#### WHAT IS NEEDED:
All the lines below should appear again unchanged, though their pictures should not.

#### DATASET CONTENT:
****
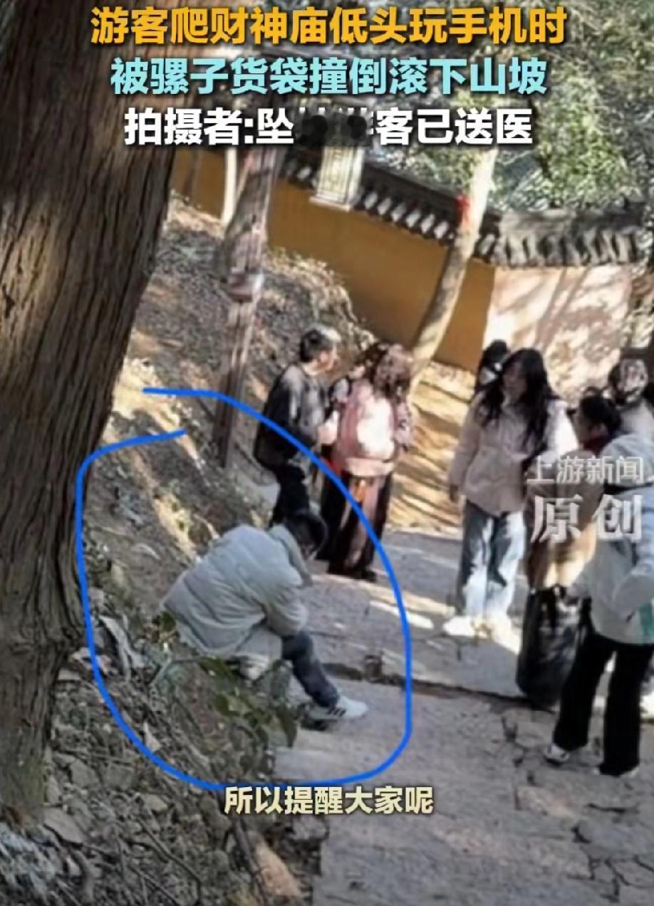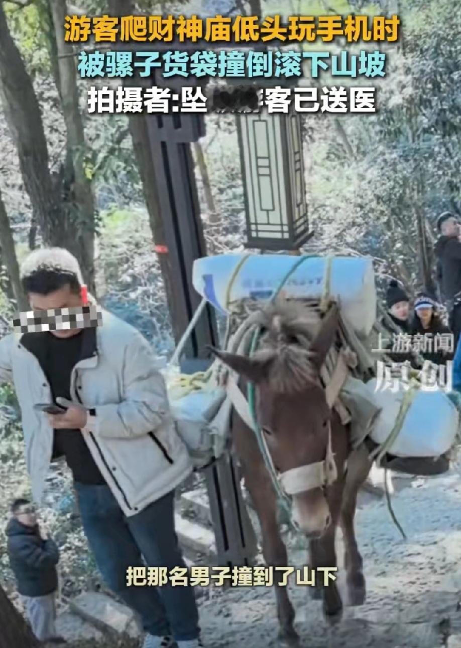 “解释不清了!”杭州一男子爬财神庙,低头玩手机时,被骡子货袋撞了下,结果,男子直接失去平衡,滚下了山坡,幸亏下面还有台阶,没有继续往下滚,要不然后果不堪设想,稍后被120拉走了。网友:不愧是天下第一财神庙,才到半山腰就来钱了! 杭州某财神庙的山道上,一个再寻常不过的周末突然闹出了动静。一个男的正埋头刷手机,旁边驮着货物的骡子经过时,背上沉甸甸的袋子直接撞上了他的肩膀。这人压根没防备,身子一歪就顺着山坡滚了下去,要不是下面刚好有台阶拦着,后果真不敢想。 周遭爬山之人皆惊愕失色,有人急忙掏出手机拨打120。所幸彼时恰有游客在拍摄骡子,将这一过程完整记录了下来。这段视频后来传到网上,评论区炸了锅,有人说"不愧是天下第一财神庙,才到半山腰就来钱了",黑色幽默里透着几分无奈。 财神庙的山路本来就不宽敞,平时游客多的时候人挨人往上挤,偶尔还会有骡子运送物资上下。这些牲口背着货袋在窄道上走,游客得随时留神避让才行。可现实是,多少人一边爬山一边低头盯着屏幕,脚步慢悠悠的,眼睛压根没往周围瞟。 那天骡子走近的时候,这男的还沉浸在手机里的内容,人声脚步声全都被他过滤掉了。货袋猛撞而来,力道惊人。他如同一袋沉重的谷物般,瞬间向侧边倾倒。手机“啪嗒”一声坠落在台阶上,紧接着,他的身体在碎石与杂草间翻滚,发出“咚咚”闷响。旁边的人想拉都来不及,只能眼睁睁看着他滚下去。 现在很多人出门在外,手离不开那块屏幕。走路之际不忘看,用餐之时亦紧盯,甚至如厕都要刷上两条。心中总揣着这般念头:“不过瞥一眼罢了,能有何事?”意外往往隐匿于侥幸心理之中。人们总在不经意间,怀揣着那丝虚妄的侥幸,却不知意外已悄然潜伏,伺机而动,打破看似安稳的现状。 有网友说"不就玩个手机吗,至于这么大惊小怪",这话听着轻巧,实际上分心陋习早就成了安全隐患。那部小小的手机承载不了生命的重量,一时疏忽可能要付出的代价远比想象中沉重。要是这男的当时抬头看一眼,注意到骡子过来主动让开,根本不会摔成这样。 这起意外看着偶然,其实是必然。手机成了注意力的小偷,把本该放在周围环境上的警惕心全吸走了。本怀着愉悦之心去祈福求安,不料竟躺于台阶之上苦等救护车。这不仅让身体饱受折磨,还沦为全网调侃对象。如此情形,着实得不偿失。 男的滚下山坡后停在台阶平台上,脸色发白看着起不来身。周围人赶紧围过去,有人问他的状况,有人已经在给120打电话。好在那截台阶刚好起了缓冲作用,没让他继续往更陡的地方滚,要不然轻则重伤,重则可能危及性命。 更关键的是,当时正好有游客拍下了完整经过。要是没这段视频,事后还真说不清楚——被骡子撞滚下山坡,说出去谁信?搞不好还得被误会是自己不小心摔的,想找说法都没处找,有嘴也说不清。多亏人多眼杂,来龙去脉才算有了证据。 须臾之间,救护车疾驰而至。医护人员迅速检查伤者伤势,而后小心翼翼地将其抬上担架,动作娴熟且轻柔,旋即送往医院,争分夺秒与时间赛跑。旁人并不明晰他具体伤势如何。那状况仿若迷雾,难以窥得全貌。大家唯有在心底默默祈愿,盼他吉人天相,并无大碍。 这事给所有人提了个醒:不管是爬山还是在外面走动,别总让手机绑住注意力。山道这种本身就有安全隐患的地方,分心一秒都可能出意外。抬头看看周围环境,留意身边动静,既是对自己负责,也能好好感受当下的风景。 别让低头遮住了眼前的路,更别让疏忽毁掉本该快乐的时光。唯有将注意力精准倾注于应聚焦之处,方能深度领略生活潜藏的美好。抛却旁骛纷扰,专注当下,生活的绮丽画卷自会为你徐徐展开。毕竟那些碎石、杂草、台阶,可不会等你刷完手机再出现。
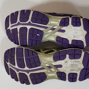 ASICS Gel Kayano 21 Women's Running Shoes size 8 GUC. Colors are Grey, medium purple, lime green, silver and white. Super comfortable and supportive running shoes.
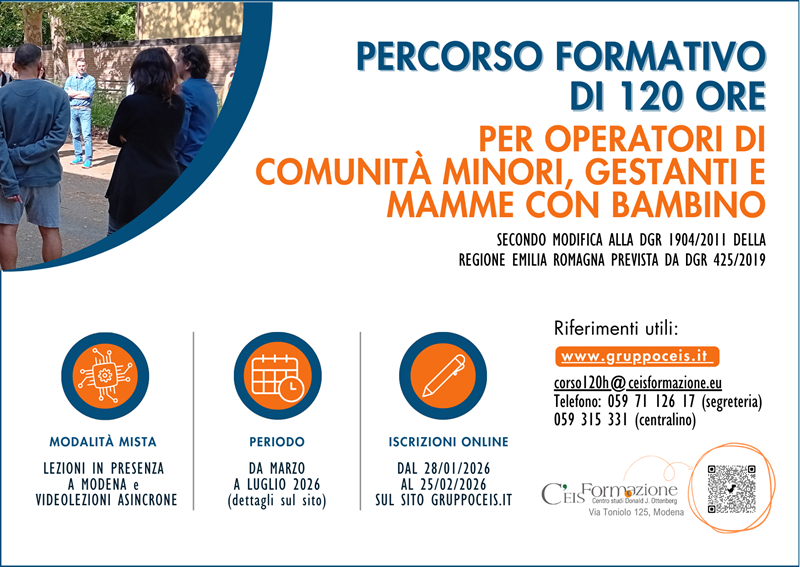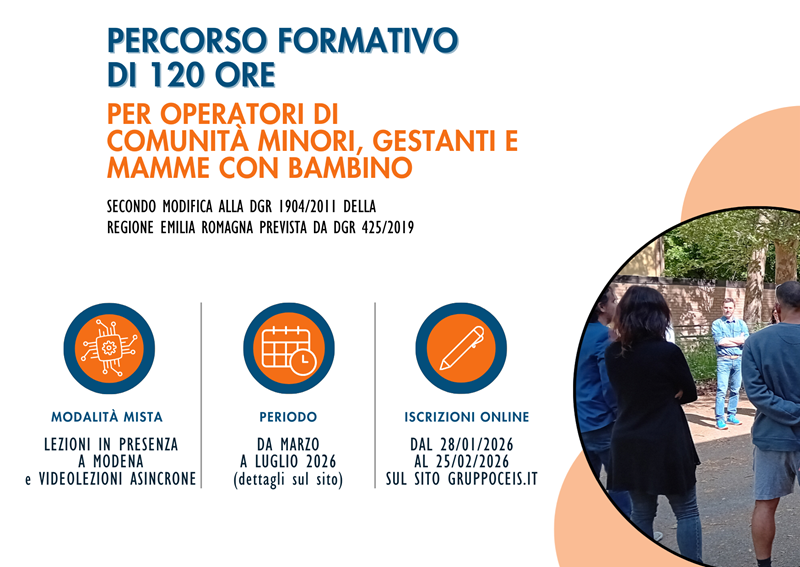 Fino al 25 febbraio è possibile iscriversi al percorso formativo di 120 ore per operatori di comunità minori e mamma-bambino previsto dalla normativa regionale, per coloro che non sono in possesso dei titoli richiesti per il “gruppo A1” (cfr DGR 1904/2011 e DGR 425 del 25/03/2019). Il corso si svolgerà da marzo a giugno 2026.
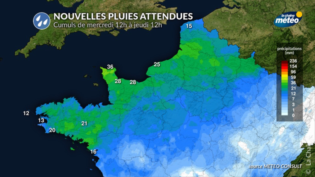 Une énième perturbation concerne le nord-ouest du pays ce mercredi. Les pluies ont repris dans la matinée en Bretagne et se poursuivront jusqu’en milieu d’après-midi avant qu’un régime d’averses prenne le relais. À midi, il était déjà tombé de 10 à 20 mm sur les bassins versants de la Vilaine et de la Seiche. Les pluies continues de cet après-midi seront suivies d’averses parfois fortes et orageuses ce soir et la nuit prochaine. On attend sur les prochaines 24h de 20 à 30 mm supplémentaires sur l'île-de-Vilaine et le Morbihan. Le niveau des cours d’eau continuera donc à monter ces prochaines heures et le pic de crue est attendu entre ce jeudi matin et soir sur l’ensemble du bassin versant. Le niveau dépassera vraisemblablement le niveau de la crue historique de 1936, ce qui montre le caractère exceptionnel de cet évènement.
****
#### SOLUTION:
 “解释不清了!”杭州一男子爬财神庙,低头玩手机时,被骡子货袋撞了下,结果,男子直接失去平衡,滚下了山坡,幸亏下面还有台阶,没有继续往下滚,要不然后果不堪设想,稍后被120拉走了。网友:不愧是天下第一财神庙,才到半山腰就来钱了! 杭州某财神庙的山道上,一个再寻常不过的周末突然闹出了动静。一个男的正埋头刷手机,旁边驮着货物的骡子经过时,背上沉甸甸的袋子直接撞上了他的肩膀。这人压根没防备,身子一歪就顺着山坡滚了下去,要不是下面刚好有台阶拦着,后果真不敢想。 周遭爬山之人皆惊愕失色,有人急忙掏出手机拨打120。所幸彼时恰有游客在拍摄骡子,将这一过程完整记录了下来。这段视频后来传到网上,评论区炸了锅,有人说"不愧是天下第一财神庙,才到半山腰就来钱了",黑色幽默里透着几分无奈。 财神庙的山路本来就不宽敞,平时游客多的时候人挨人往上挤,偶尔还会有骡子运送物资上下。这些牲口背着货袋在窄道上走,游客得随时留神避让才行。可现实是,多少人一边爬山一边低头盯着屏幕,脚步慢悠悠的,眼睛压根没往周围瞟。 那天骡子走近的时候,这男的还沉浸在手机里的内容,人声脚步声全都被他过滤掉了。货袋猛撞而来,力道惊人。他如同一袋沉重的谷物般,瞬间向侧边倾倒。手机“啪嗒”一声坠落在台阶上,紧接着,他的身体在碎石与杂草间翻滚,发出“咚咚”闷响。旁边的人想拉都来不及,只能眼睁睁看着他滚下去。 现在很多人出门在外,手离不开那块屏幕。走路之际不忘看,用餐之时亦紧盯,甚至如厕都要刷上两条。心中总揣着这般念头:“不过瞥一眼罢了,能有何事?”意外往往隐匿于侥幸心理之中。人们总在不经意间,怀揣着那丝虚妄的侥幸,却不知意外已悄然潜伏,伺机而动,打破看似安稳的现状。 有网友说"不就玩个手机吗,至于这么大惊小怪",这话听着轻巧,实际上分心陋习早就成了安全隐患。那部小小的手机承载不了生命的重量,一时疏忽可能要付出的代价远比想象中沉重。要是这男的当时抬头看一眼,注意到骡子过来主动让开,根本不会摔成这样。 这起意外看着偶然,其实是必然。手机成了注意力的小偷,把本该放在周围环境上的警惕心全吸走了。本怀着愉悦之心去祈福求安,不料竟躺于台阶之上苦等救护车。这不仅让身体饱受折磨,还沦为全网调侃对象。如此情形,着实得不偿失。 男的滚下山坡后停在台阶平台上,脸色发白看着起不来身。周围人赶紧围过去,有人问他的状况,有人已经在给120打电话。好在那截台阶刚好起了缓冲作用,没让他继续往更陡的地方滚,要不然轻则重伤,重则可能危及性命。 更关键的是,当时正好有游客拍下了完整经过。要是没这段视频,事后还真说不清楚——被骡子撞滚下山坡,说出去谁信?搞不好还得被误会是自己不小心摔的,想找说法都没处找,有嘴也说不清。多亏人多眼杂,来龙去脉才算有了证据。 须臾之间,救护车疾驰而至。医护人员迅速检查伤者伤势,而后小心翼翼地将其抬上担架,动作娴熟且轻柔,旋即送往医院,争分夺秒与时间赛跑。旁人并不明晰他具体伤势如何。那状况仿若迷雾,难以窥得全貌。大家唯有在心底默默祈愿,盼他吉人天相,并无大碍。 这事给所有人提了个醒:不管是爬山还是在外面走动,别总让手机绑住注意力。山道这种本身就有安全隐患的地方,分心一秒都可能出意外。抬头看看周围环境,留意身边动静,既是对自己负责,也能好好感受当下的风景。 别让低头遮住了眼前的路,更别让疏忽毁掉本该快乐的时光。唯有将注意力精准倾注于应聚焦之处,方能深度领略生活潜藏的美好。抛却旁骛纷扰,专注当下,生活的绮丽画卷自会为你徐徐展开。毕竟那些碎石、杂草、台阶,可不会等你刷完手机再出现。
 ASICS Gel Kayano 21 Women's Running Shoes size 8 GUC. Colors are Grey, medium purple, lime green, silver and white. Super comfortable and supportive running shoes.
 Fino al 25 febbraio è possibile iscriversi al percorso formativo di 120 ore per operatori di comunità minori e mamma-bambino previsto dalla normativa regionale, per coloro che non sono in possesso dei titoli richiesti per il “gruppo A1” (cfr DGR 1904/2011 e DGR 425 del 25/03/2019). Il corso si svolgerà da marzo a giugno 2026.
 Une énième perturbation concerne le nord-ouest du pays ce mercredi. Les pluies ont repris dans la matinée en Bretagne et se poursuivront jusqu’en milieu d’après-midi avant qu’un régime d’averses prenne le relais. À midi, il était déjà tombé de 10 à 20 mm sur les bassins versants de la Vilaine et de la Seiche. Les pluies continues de cet après-midi seront suivies d’averses parfois fortes et orageuses ce soir et la nuit prochaine. On attend sur les prochaines 24h de 20 à 30 mm supplémentaires sur l'île-de-Vilaine et le Morbihan. Le niveau des cours d’eau continuera donc à monter ces prochaines heures et le pic de crue est attendu entre ce jeudi matin et soir sur l’ensemble du bassin versant. Le niveau dépassera vraisemblablement le niveau de la crue historique de 1936, ce qui montre le caractère exceptionnel de cet évènement.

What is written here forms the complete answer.